Fred Galvin was a company commander of MARSOC Fox Company and says he’s continuing the longest fight he’s ever been in since he left Afghanistan, according to WDAF Kansas City.
Galvin retired after serving 20 years in the Marine Corps, but what haunts him the most about his time in service happened while serving in Afghanistan in March, 2007.
“As we roll into that town, I mention in our vehicle- watch out- and as soon as I said that- our second car blows up,” he said.
Galvin says his unit was immediately attacked when they entered a town in Afghanistan. Subsequent reports and investigations accuse Galvin’s company of murdering as many as 19 civilians.
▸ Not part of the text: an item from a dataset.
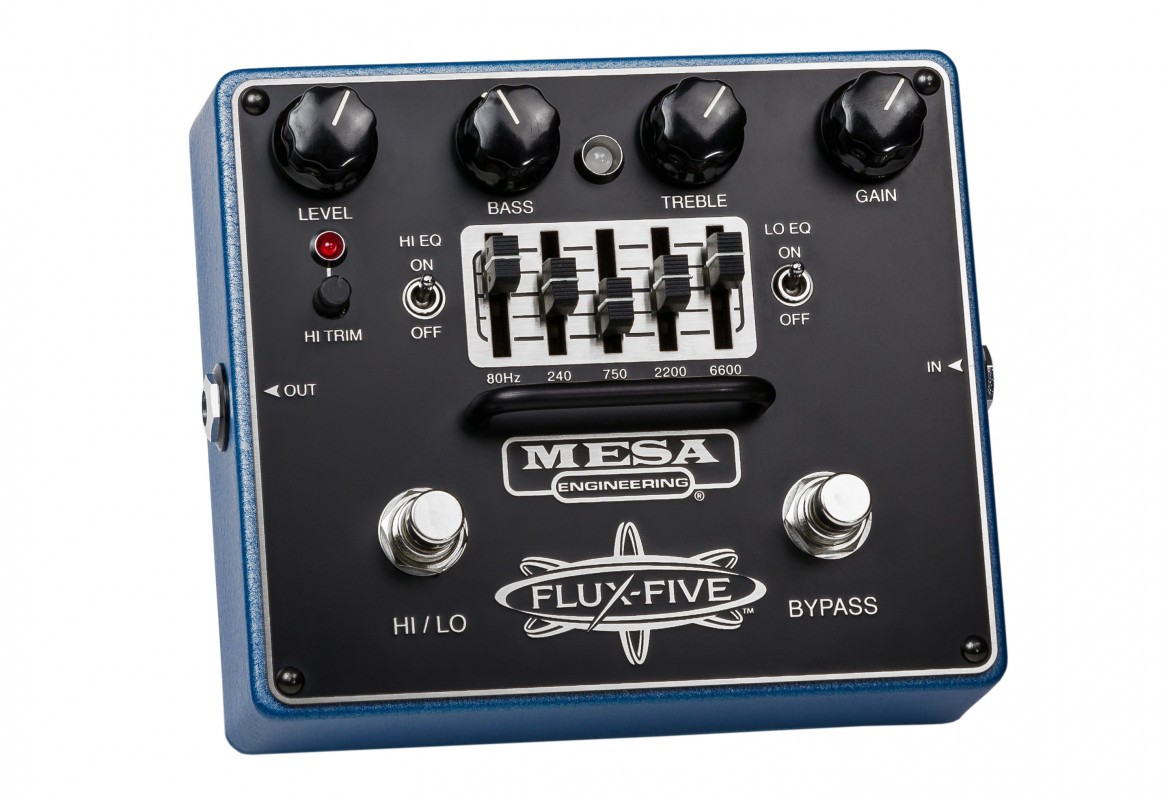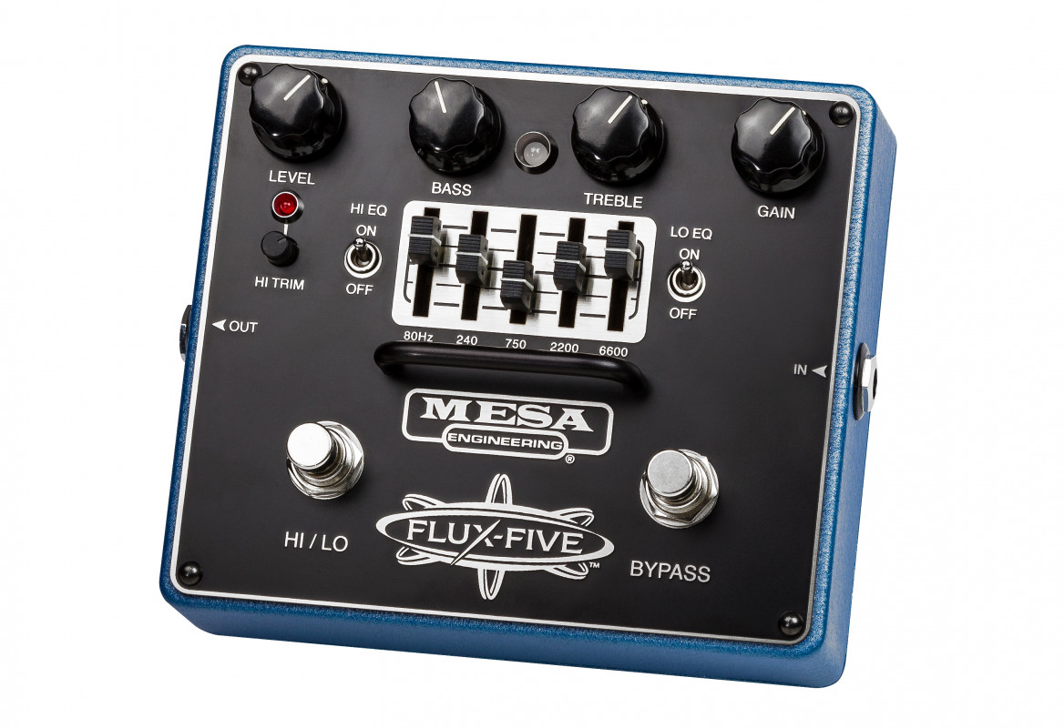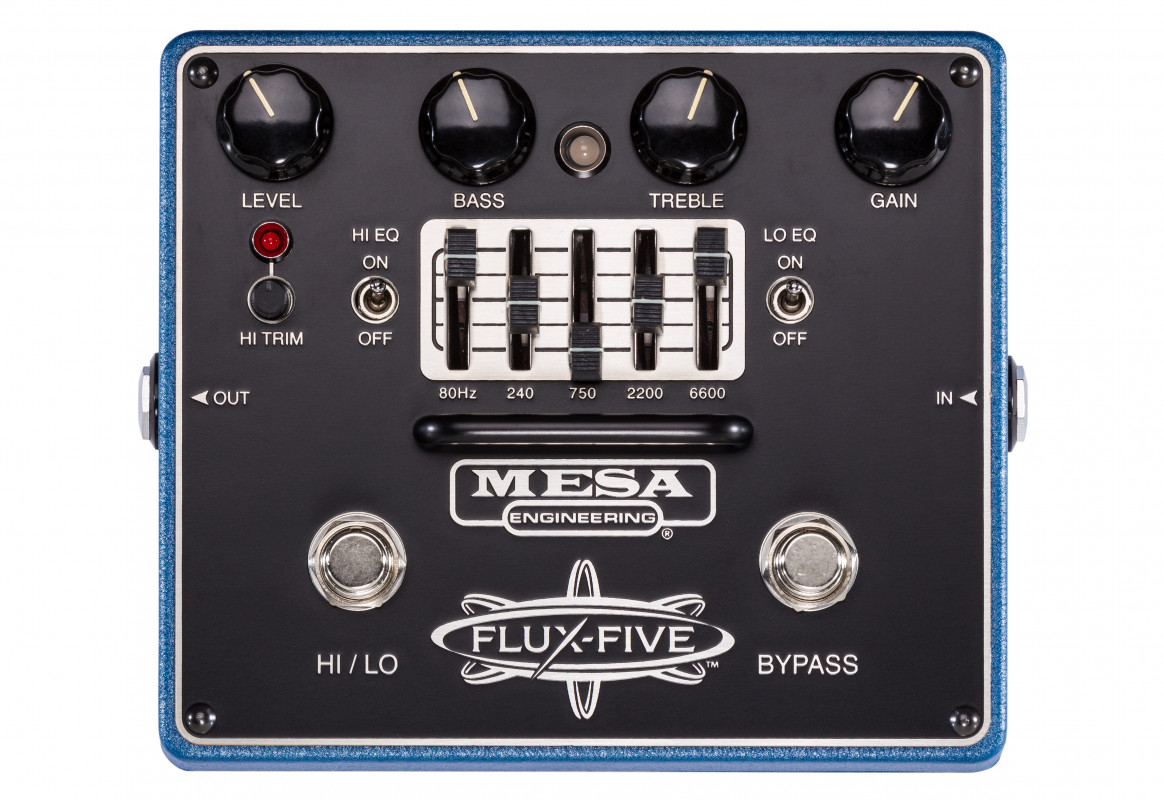 The Flux-Five adds Mesa Boogie's classic five-band graphic EQ and switchable HI/LO modes via footswitch, with separate OUTPUT LEVEL controls, to the already versatile package offered by the Flux-Drive, providing greater sound-shaping power and enhanced stylistic versatility.

Galvin said that is simply not the case.
“That started the beginning of the end of the first Marine Raider Company,” he said.
After lengthy court inquiries and a polygraph proving his innocence, he maintains that the Marines were not exonerated.
“We acted appropriately, so there was no innocent, there was no not guilty,” he said.
He feels there’s a stigma that follows him and his fellow Marines around, even though the Marine Corps says he “acted appropriately.”
“The three out of four of us who were married have become divorced,” he said. “The reason I’m an entrepreneur is we were unable to get jobs.”
He’s spent eight years fighting to get the documents de-classified to prove his case… that they’re innocent.